● Your instructions
Every line of the material must be given again verbatim. Skip the images.

● Dataset excerpt
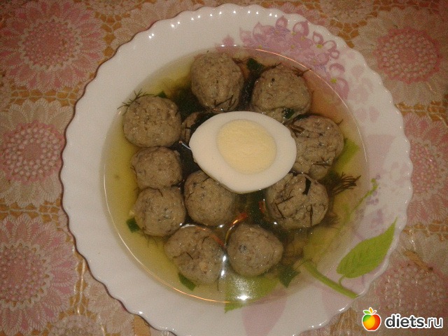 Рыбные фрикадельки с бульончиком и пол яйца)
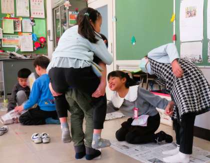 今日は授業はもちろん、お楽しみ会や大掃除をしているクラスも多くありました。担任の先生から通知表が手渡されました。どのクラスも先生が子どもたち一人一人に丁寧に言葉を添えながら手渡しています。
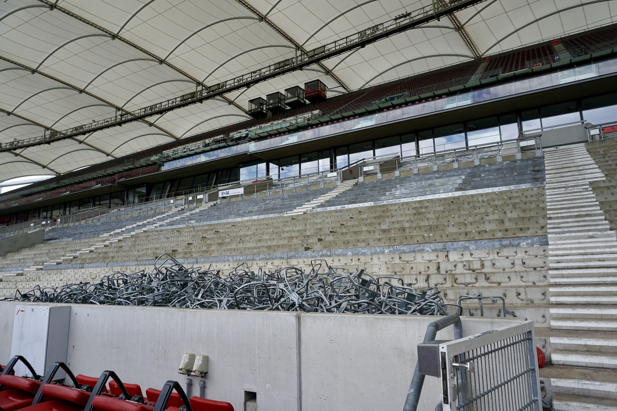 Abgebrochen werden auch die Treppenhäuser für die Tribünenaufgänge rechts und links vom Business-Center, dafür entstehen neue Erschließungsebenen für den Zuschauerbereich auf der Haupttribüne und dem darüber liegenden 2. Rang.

● Completed task
 Рыбные фрикадельки с бульончиком и пол яйца)
 今日は授業はもちろん、お楽しみ会や大掃除をしているクラスも多くありました。担任の先生から通知表が手渡されました。どのクラスも先生が子どもたち一人一人に丁寧に言葉を添えながら手渡しています。
 Abgebrochen werden auch die Treppenhäuser für die Tribünenaufgänge rechts und links vom Business-Center, dafür entstehen neue Erschließungsebenen für den Zuschauerbereich auf der Haupttribüne und dem darüber liegenden 2. Rang.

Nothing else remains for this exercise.